I thought to myself, “That was pretty offensive” but on further reflection figured that he was probably right. At least he didn’t use management speak of “team players” and all that tripe. Christ, I hadn’t even got a disciplinary, just an unreasonable dressing down from a Serbian guy who was my boss. Ironically, I still had no idea where the staff door was, today probably not being the best time to ask him.

Radovan was an archetypal example of the myth surrounding eastern Europeans here in the UK. The butt of all 90’s jokes was that of the Polish roofer or Slovak plumber but this was 25 years ago. These people aren’t fucking stupid, and during the time that middle class Britain quietly objected to immigration while having loft extensions added at bargain prices, these guys were following the patronisingly easy path to mid-level management.

Don’t steal.

Don’t drink too much on shift.

Buy a suit.

Learn how to complete a p46 form.

Now they’re in charge. At the hotel all management were from Eastern Europe or the Balkans and I imagine that in many other sectors those that were once the punch line, now punch gloves with the best of them. They own the plumbing business/ hotel/ bank. Sure their staff are maybe from the same places but they are here and following the same well trodden path to employment seniority that has been going on for literally a generation now.

Because British people, myself included, are complacent retards who still genuinely believe that we are still living in the 1870’s. The virtue of coming from a rain-soaked shithole on the periphery of Europe, allows a smooth transition to success. Now the redcoats are restricted to Butlin’s and the “Empire where the sun never sets” is an ironic reminder to the contrary.

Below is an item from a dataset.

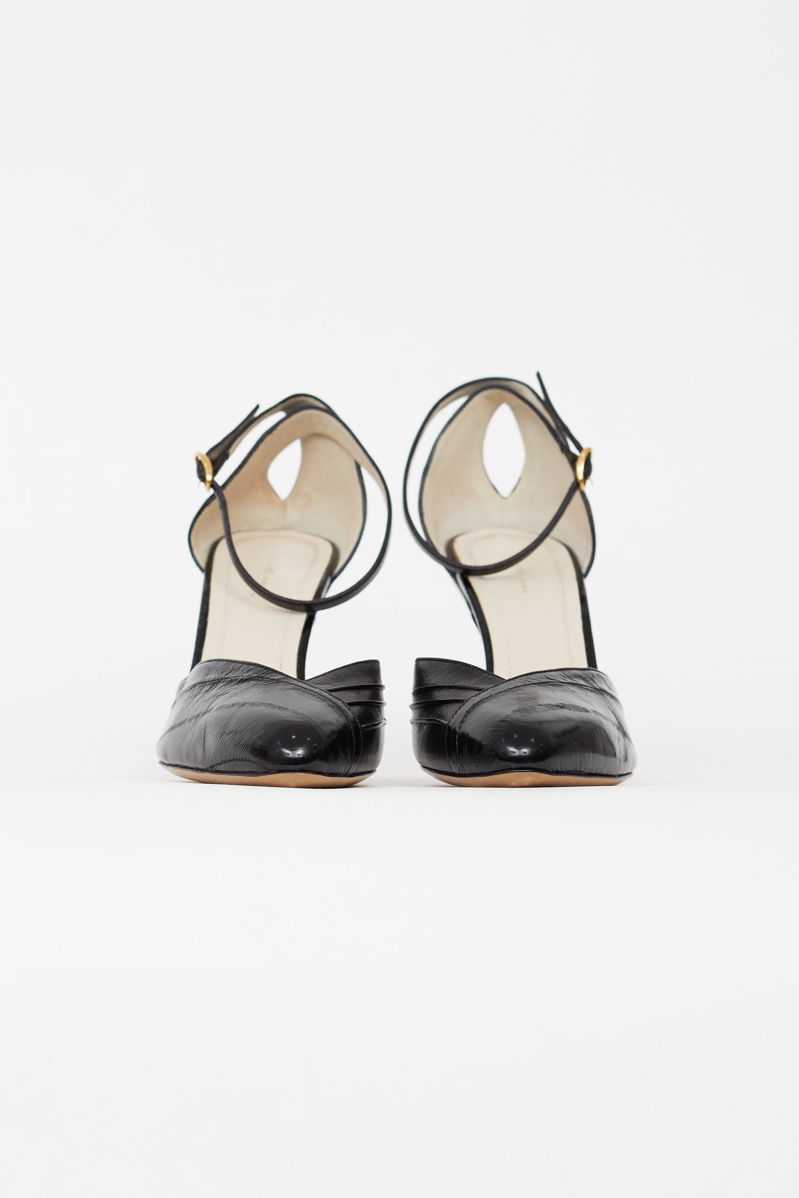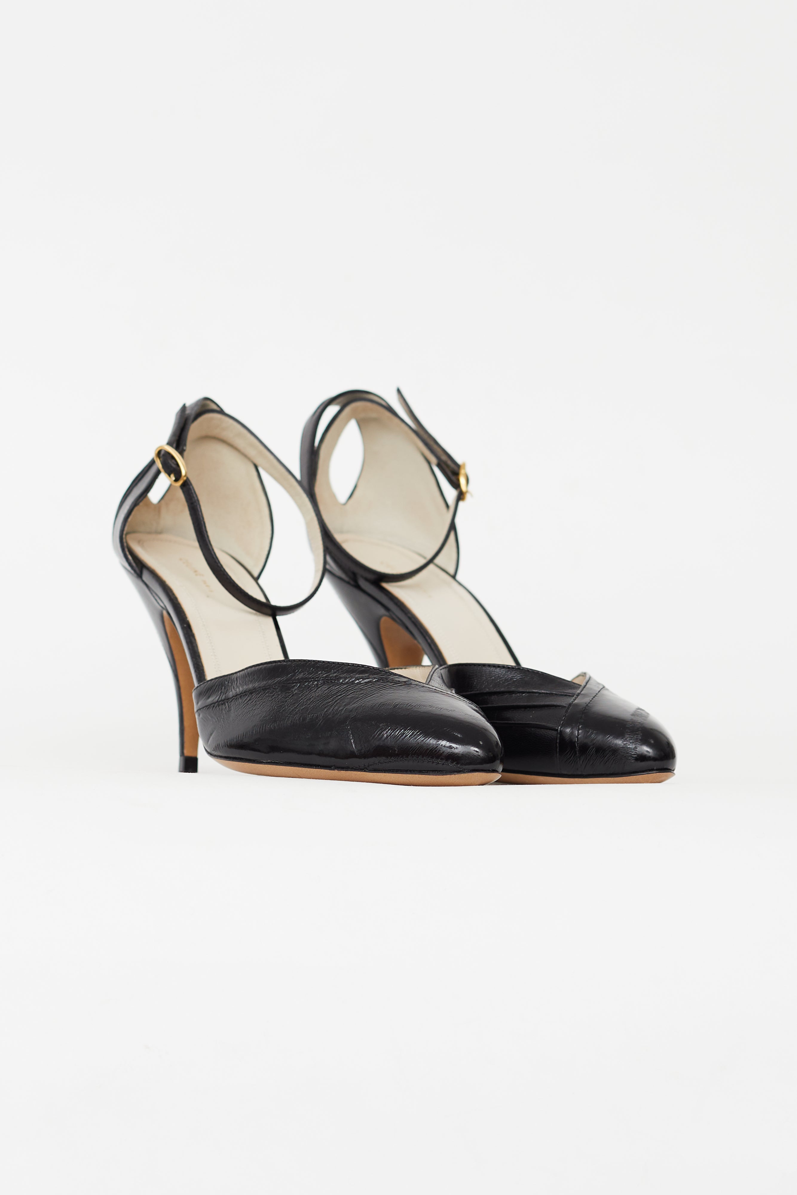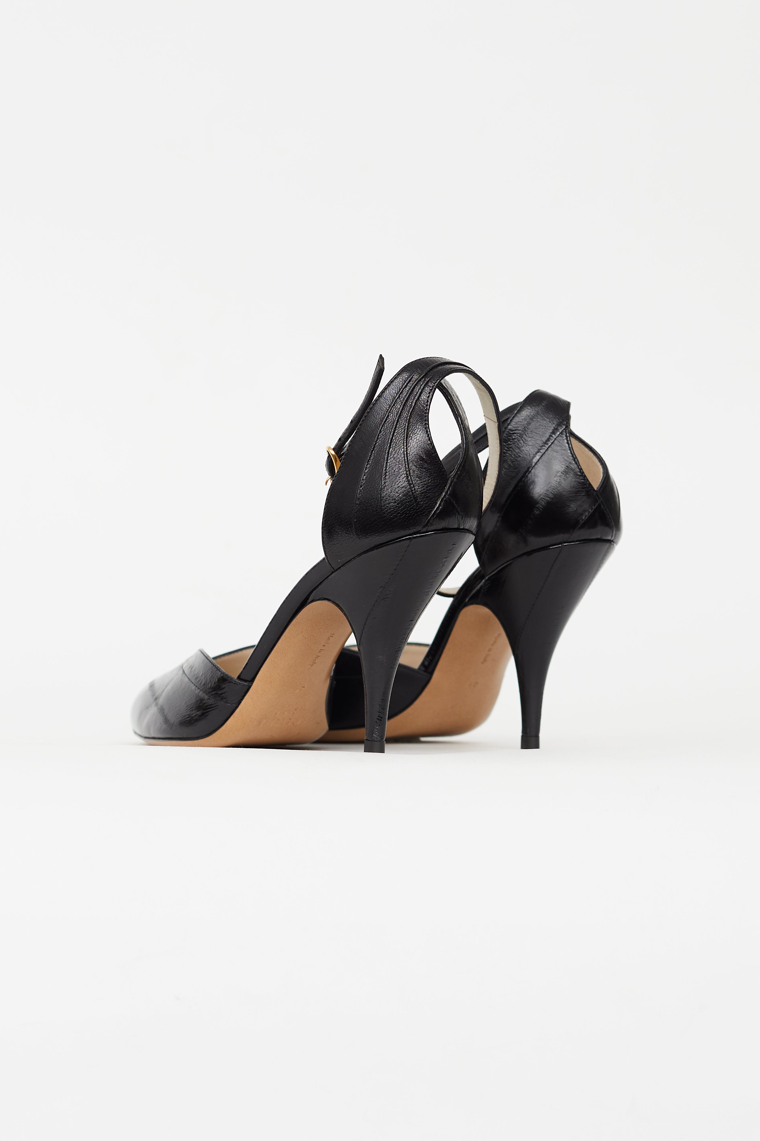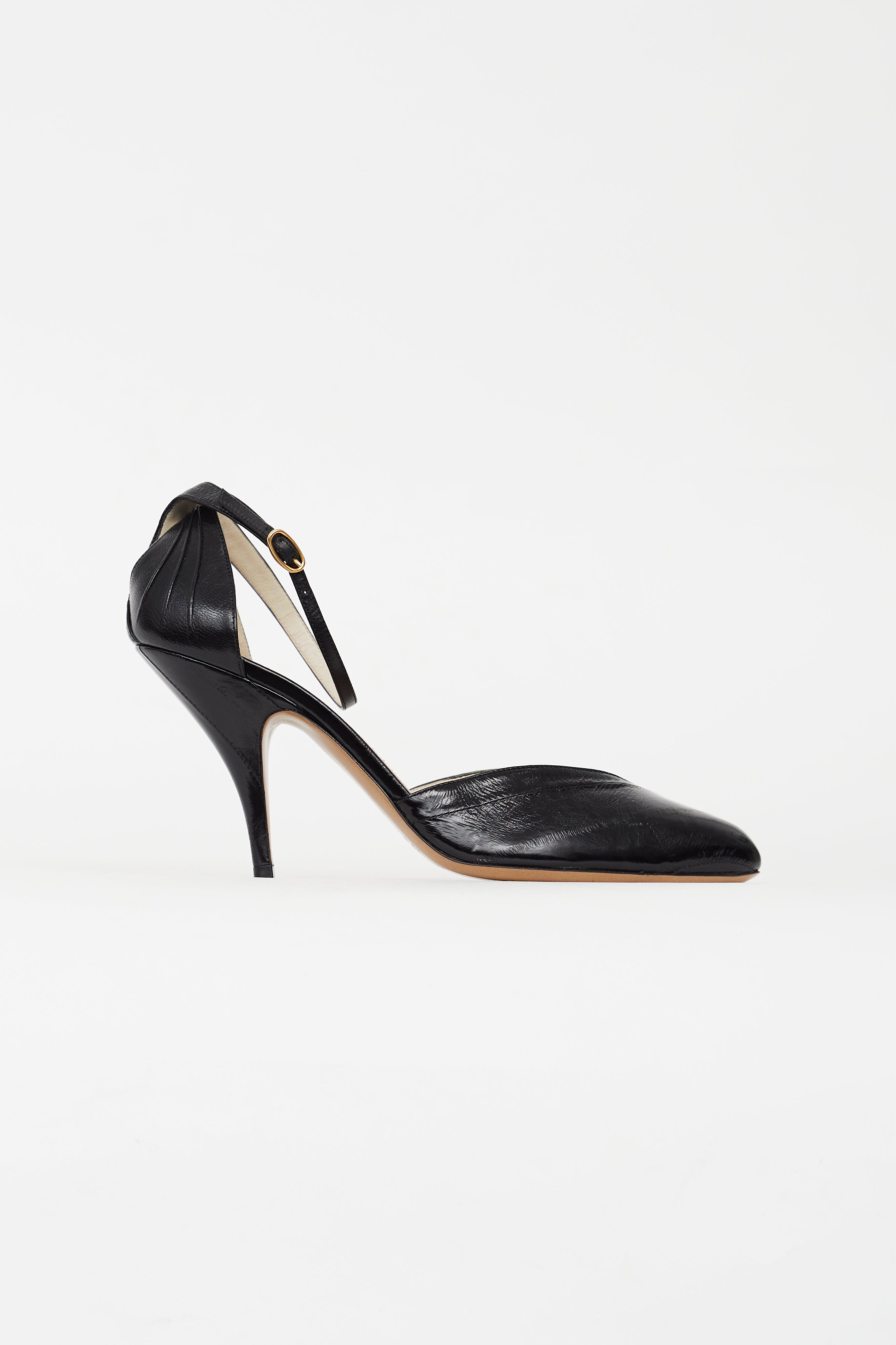 Pre-owned Celine black leather heels featuring a pointed toe with criss cross detail, wrapped stiletto heel, and adjustable strap at ankle.

They go into shock when presented with the fact that swathes of Europeans can both do their job better than them while speaking grammatically superior English at the same time. Radovan and his lieutenant Stevie, a Scot, were both wankers, that was clear. However, Radovan quickly became “that Polish wanker” (despite the fact he was actually from Serbia). Stevie was faced with an interesting juxtaposition. He was unable to supersede Radovan, due to his crippling ineptitude and coke habit, but in the grand scheme of hate, he remained comfortably below his Slavic superior.

With the EU referendum rapidly approaching, it seems like a good time to break down the issue at heart. If Brexit happens, a fact which will cause the same amount of consternation as the touring bassist leaving Oasis, we must address a quandary.

Where do you want the wankers who are in charge to come from? The answer is easy.

It doesn’t matter in any way. Wankers are wankers.